An idea that has been hiding out in one of my mind’s recesses is using Linux as a platform for imaging hard drives. The DOS based drive image programs (Ghost, DriveImage, etc.) seem to run into lots of problems supporting newer hardware and ideas such as booting from CD or USB drive , supporting multiple NICs, storing and recalling images over a network, etc. While more modern solutions such as Acronis True Image are WinPE based they have not seen the same widespread adoption and remain proprietary solutions that lock up your image data in some non-standard format.

I would like to see the expertise from creating “live” linux CDs (and USB drives) such as those from Knoppix and Ubuntu used to make a specialty distribution for use in PC hard drive imaging. The ideal solution would have varying levels of compression, a decent user interface, just work out of the box for most users and support storing to and recalling from any SMB/CIFS fileshare. Users should not need any prior experience with linux for basic usage but the distribution should support advanced topics such as multicasting and PXE booting to aid in large deployments. Of course you could give this away and still have an entire business model surrounding support and training on the product for business users.

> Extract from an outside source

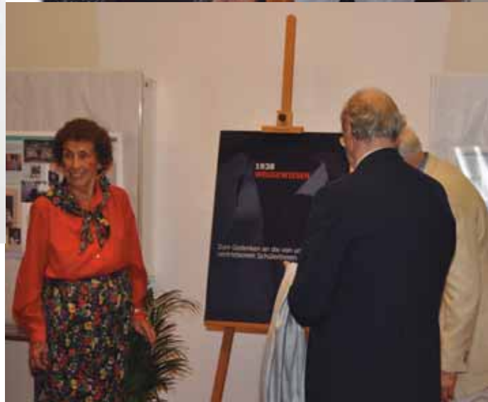
Above: Memorial plaque at the BRG 7

In my search for a product such as this the closest thing I could locate was the G4L “Ghost for Linux” project. This porject proves there is interest in a program like this but it is really quite unpolished, especially in the UI end and support for anything out of the ordinary like booting from USB. There is no reason that single purpose linux distributions need to be ugly. As Knoppix and Ubuntu have prooven you can get a linux GUI onto a CD with plenty of room left for software.